-- WHAT YOU ARE ASKED TO DO --
Note on the material below: return exactly the lines from the line that holds "(¬3) هو: أبو" through the line that holds "진의 '슈퍼참치'는 세계", and leave out each picture.

-- MATERIAL SUPPLIED --
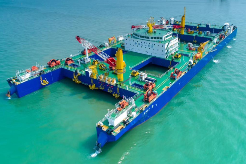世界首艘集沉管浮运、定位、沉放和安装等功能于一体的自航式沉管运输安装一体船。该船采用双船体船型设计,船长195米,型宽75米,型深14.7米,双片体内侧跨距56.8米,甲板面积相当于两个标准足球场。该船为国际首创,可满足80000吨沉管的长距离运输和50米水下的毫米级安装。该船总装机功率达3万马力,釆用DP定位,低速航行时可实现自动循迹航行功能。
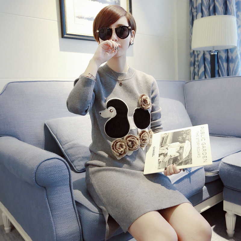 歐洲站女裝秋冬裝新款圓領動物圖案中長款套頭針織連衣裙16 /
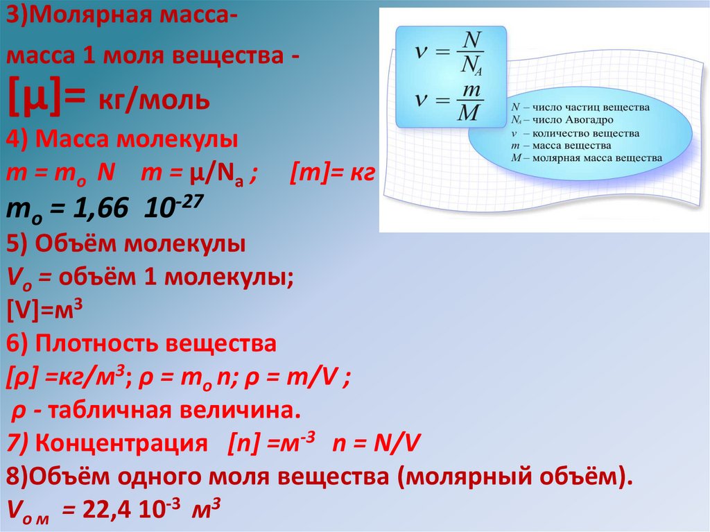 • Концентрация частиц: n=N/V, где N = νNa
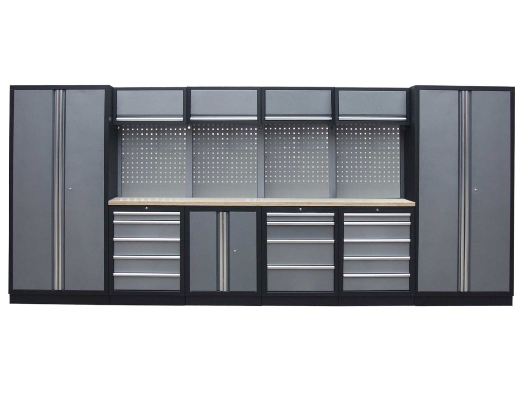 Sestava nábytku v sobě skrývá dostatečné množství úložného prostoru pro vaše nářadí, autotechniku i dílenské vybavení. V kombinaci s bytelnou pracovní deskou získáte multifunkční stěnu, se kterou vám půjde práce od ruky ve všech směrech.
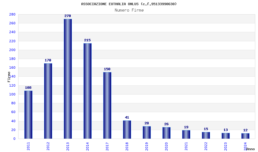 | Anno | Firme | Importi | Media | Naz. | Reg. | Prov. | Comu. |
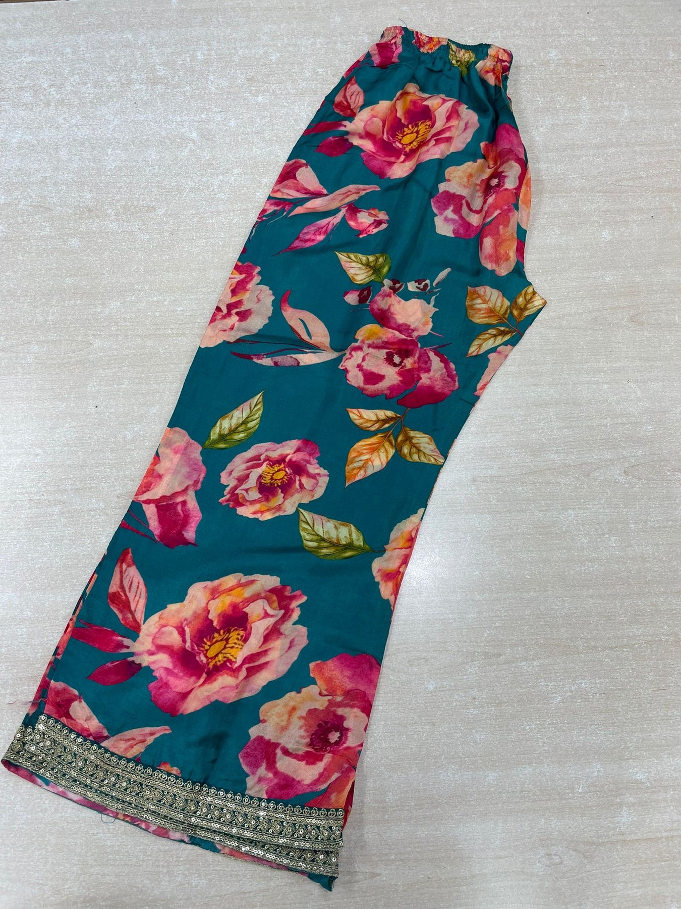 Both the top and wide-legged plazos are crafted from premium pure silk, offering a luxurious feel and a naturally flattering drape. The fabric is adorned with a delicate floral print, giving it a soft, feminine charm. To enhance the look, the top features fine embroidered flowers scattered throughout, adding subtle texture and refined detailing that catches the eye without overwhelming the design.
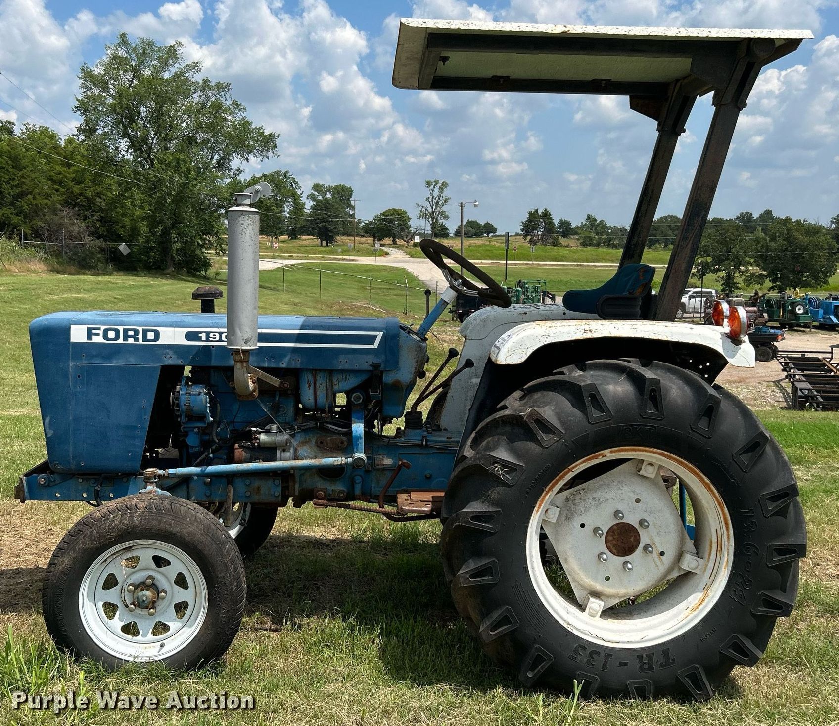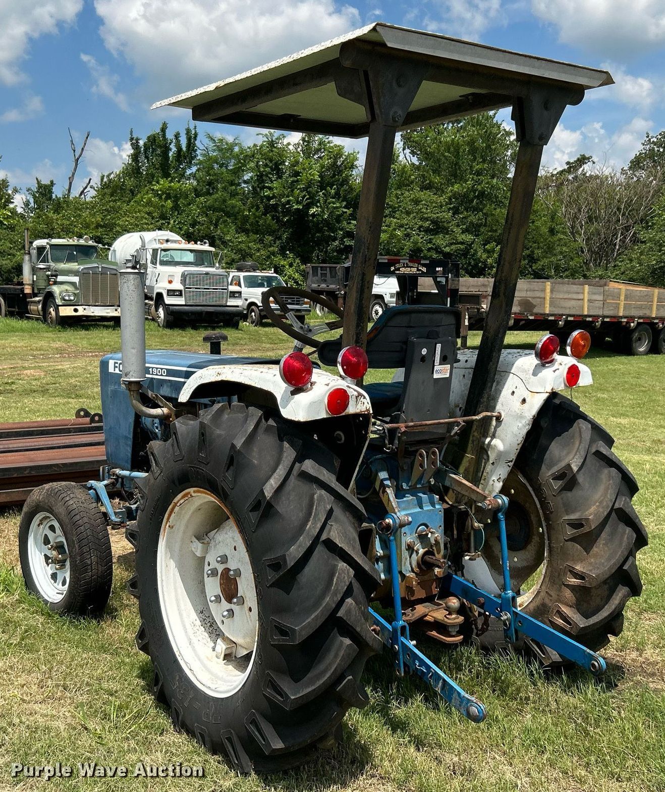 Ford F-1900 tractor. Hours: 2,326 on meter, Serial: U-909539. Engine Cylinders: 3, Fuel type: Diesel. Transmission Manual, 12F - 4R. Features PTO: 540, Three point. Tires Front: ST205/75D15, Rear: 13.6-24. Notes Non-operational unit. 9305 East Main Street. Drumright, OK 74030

* * *

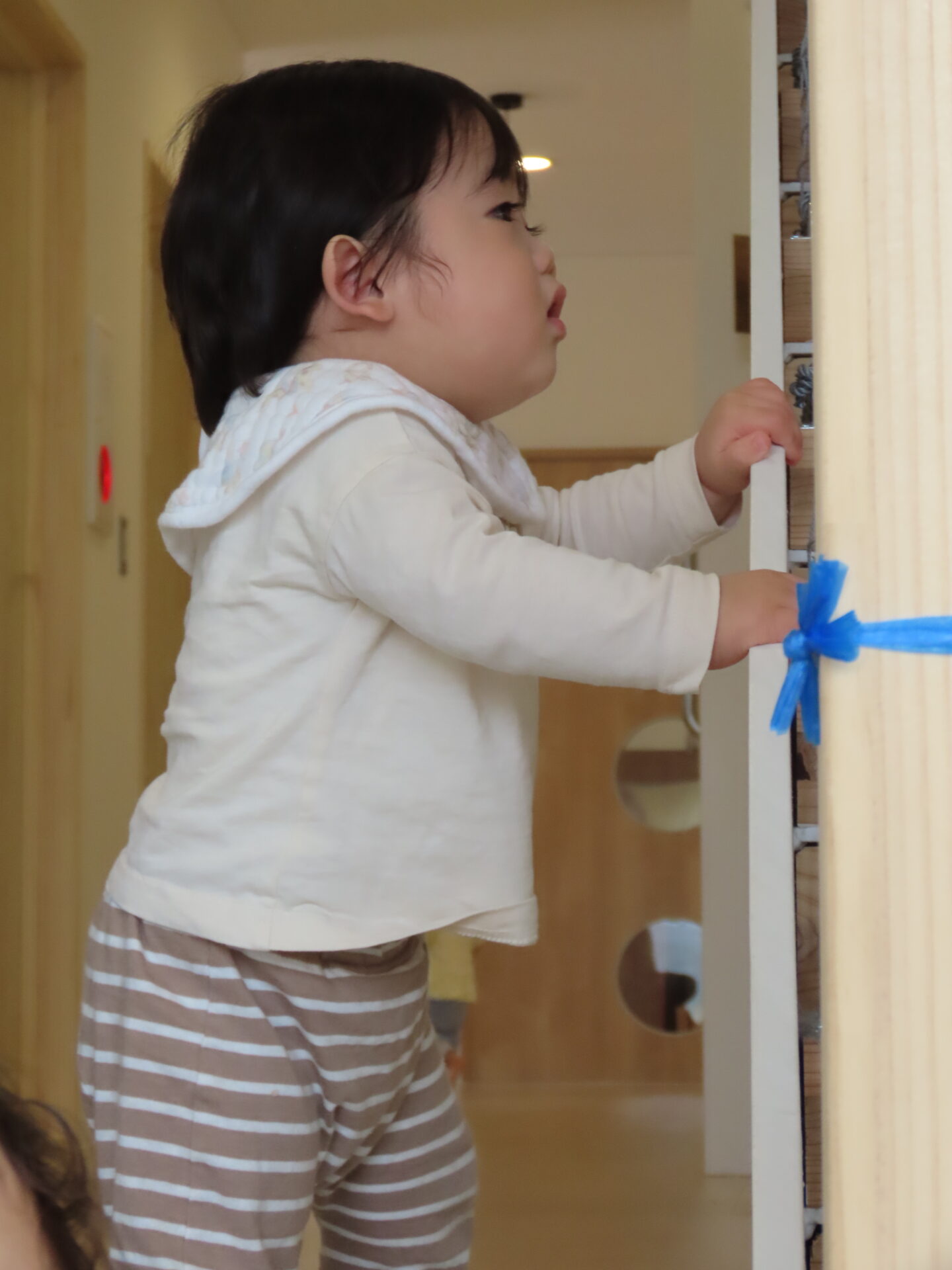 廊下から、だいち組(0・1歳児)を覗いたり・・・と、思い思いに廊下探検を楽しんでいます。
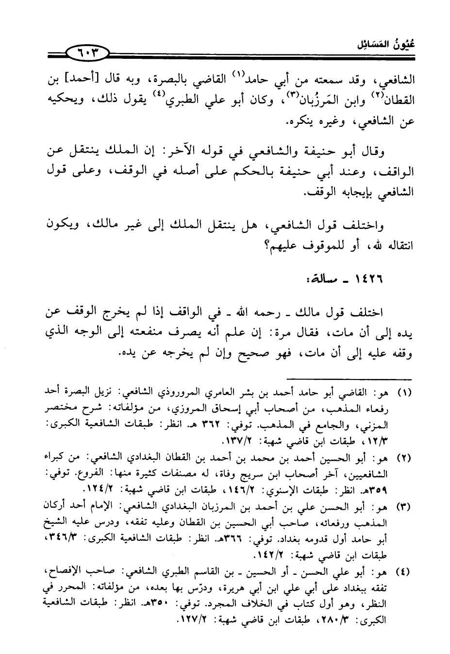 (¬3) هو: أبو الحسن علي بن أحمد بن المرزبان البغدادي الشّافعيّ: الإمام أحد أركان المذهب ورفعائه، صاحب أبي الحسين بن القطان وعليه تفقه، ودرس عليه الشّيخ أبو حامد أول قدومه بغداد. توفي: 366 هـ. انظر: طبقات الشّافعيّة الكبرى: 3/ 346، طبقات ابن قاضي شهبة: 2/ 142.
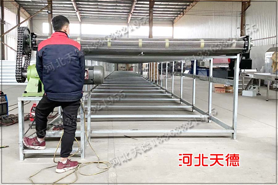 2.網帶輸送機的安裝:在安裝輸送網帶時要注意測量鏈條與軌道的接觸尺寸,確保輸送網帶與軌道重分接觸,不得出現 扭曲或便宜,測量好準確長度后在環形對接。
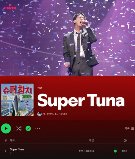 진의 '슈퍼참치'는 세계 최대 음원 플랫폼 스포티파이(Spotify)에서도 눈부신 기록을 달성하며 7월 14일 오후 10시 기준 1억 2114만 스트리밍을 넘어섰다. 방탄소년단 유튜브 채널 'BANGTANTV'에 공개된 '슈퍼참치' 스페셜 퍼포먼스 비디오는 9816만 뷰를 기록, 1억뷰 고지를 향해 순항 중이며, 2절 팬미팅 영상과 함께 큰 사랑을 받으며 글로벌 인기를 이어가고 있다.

-- RESPONSE FOR THIS EXERCISE --
 (¬3) هو: أبو الحسن علي بن أحمد بن المرزبان البغدادي الشّافعيّ: الإمام أحد أركان المذهب ورفعائه، صاحب أبي الحسين بن القطان وعليه تفقه، ودرس عليه الشّيخ أبو حامد أول قدومه بغداد. توفي: 366 هـ. انظر: طبقات الشّافعيّة الكبرى: 3/ 346، طبقات ابن قاضي شهبة: 2/ 142.
 2.網帶輸送機的安裝:在安裝輸送網帶時要注意測量鏈條與軌道的接觸尺寸,確保輸送網帶與軌道重分接觸,不得出現 扭曲或便宜,測量好準確長度后在環形對接。
 진의 '슈퍼참치'는 세계 최대 음원 플랫폼 스포티파이(Spotify)에서도 눈부신 기록을 달성하며 7월 14일 오후 10시 기준 1억 2114만 스트리밍을 넘어섰다. 방탄소년단 유튜브 채널 'BANGTANTV'에 공개된 '슈퍼참치' 스페셜 퍼포먼스 비디오는 9816만 뷰를 기록, 1억뷰 고지를 향해 순항 중이며, 2절 팬미팅 영상과 함께 큰 사랑을 받으며 글로벌 인기를 이어가고 있다.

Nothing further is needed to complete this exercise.